At times in my current role I’ve zoomed into four government meetings in a single day and each one has started with an acknowledgment, even when participants have been spread from one side of the state to the other.

The fact that people like me who engage extensively with government can go from one acknowledgement to the next, and have not left their desk, raises questions on just how far has this gone without a public debate on its limits.

It’s becoming a tax on taxpayers’ time not to mention on the taxpayer.

We need to talk about the unwritten rules around payment for welcomes.  When is it appropriate to pay taxpayer dollars, how much and to whom?  Without a list of elders, how do junior bureaucrats know who is who, within the pecking order?

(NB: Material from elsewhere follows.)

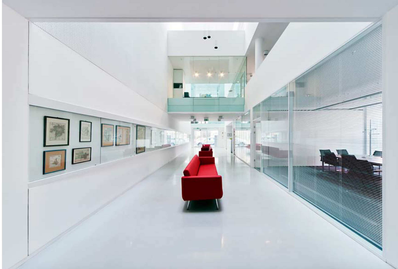
A fogadótér vörös színű bútora egyfajta ellenpontként erősíti a föntről érkező, reflektált fény okozta derengést

megoldás, ahogyan a sakktabla-rendszerbe szervezett, térben plasztikusan formált, ritmikusan süllyedő, emelkedő raszterei úgy dinamizálják a szomszédra néző hosszabb homlokzati szakaszt, mintha apró kis modulatokkal „nyúlna” a ház az üres tér felé. Az utcai homlokzati szakasz és tömbbelseji homlokzatmező tulajdonképpen azt az érzetet kelti, mintha ki-be mozduló, kötésekben álló üveghasábokból szerveződne az épület. Talán nem belemagyarázás, ha ezt a kötésrendet én gesztusként értelmezem, a homlokzati klinkertéglás burkolatok kötésrendjének átírataként. Így ez az üveghasáb-rendszer nem feltétlenül a transzparencia érzetét kelti, hiszen sokkal húsosabb annál, hogy puszta üvegmembránként lássuk. Valódi határoló felületté és szerkezetűvé válik ez a megoldás, testet ad a térnek úgy, hogy a már tárgyalt oldaltetek űrjét szétbontva, kisebb elemekből építi újra.

This is why government has lists of approved contractors, panels of consultants and set fee schedules; it avoids claims of favouritism or corruption.

An open and transparent system listing elders and a payment schedule depending on event importance would benefit all and help keep confidence in the public over the use of taxpayer dollars to support what seems to be a growing industry.

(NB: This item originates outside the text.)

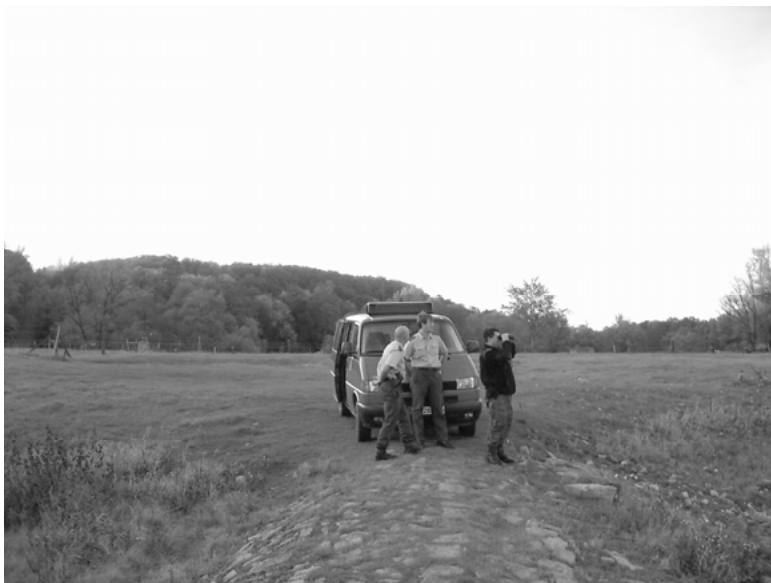
Abbildung 3: Gemeinsame Streife auf deutscher Seite

Ein polnischer Grenzschützer bringt dies auf den Punkt: »Die Deutschen sind darauf vorbereitet, dass einer zu ihnen rüberkommt, und wir sind darauf vorbereitet, dass uns einer abhaut. Die warten, ob einer kommt, und wir müssen die alle finden, einfangen, festnehmen, nicht rüberlassen«. Die Kontrolle der Gästelisten grenznaher Hotels im Hinblick auf möglicherweise zukünftige illegale Grenzübertreter gehört ebenso zum Repertoire der SG wie die Überprüfung von die Ausfallstraßen säumenden ausländischen Prostituierten. Die Gemeinsamen Streifen sind zum selten hinterfragten Alltag geworden, und selbst wenn viele Streifen so genannte »Schweigeschichten« sind, werden die meisten Grenzschützer nur mit den Schultern zucken, denn »das machst du eben, weil es dein Job ist«.

In fact, one wonders why we are paying at all; do we see envelopes of cash handed over to the local priest by fishermen at the end of the Blessing of the Fleet, or veterans at the end of the Anzac Day dawn service? A free lunch yes, but $800 per event no matter how small?

I am focusing on the heads of department state and federal as they have become enormously proactive in driving reparation politics.  Just look at the bottom of department email signatures, more and more are signing off by acknowledging elders past and present.

No doubt some of the more progressive government ministers match the enthusiasm of their departmental heads in forcing this norm onto their bewildered bureaucracies and the community at large. But are they doing indigenous Australians a disservice? Is the welcome wearing out its welcome because if pushed too hard the community will tune out.